How to test the iron content of water 10

Leave the water for a long enough time to turn the iron into Fe3+, and then drop it into KSCN to try, if it can appear red, it means that the iron content is very high.

There are many methods for the determination of ferric oxide content, such as potassium dichromate titration, potassium permanganate titration, EDTA complexation titration, ultraviolet-visible spectrophotometry (sulfosalicylic acid or phenopyroline spectrophotometry), atomic absorption spectrophotometry, etc.
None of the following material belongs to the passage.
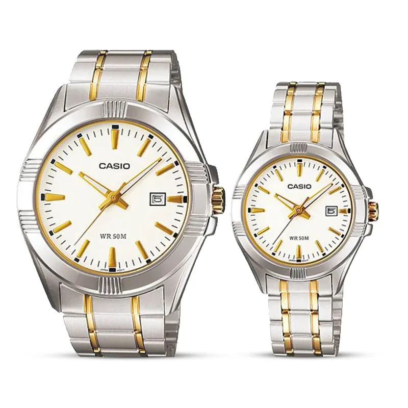 Casio MTP/LTP-1308SG-7AVDF Two-tone Couple Watch. This Casio Men’s Watch is a tasteful and elegant timepiece, combining classic two-tone styling with timeless sophistication. The MTP-1308SG-7AVDF features a stainless steel band and deep gray body, designed to turn heads and make subtle statements. The watch is built with precision and durability in mind, providing an eye-catching everyday accessory for any man.

Potassium dichromate volume method.

The sample is decomposed by acid or alkali melt decomposition, the test solution is reduced to Fe2+ ions with stannous chloride, and the excess stannous chloride is oxidized with mercuric chloride, and in the presence of sulfuric acid and phosphoric acid mixed acid, sodium diphenylamine sulfonate is used as an indicator, and the potassium dichromate standard solution is titrated to purple. The reaction equation is.

Modern rock and mineral analysis experiment tutorial.

This method is suitable for the determination of total iron content of samples with a total iron content greater than 5%.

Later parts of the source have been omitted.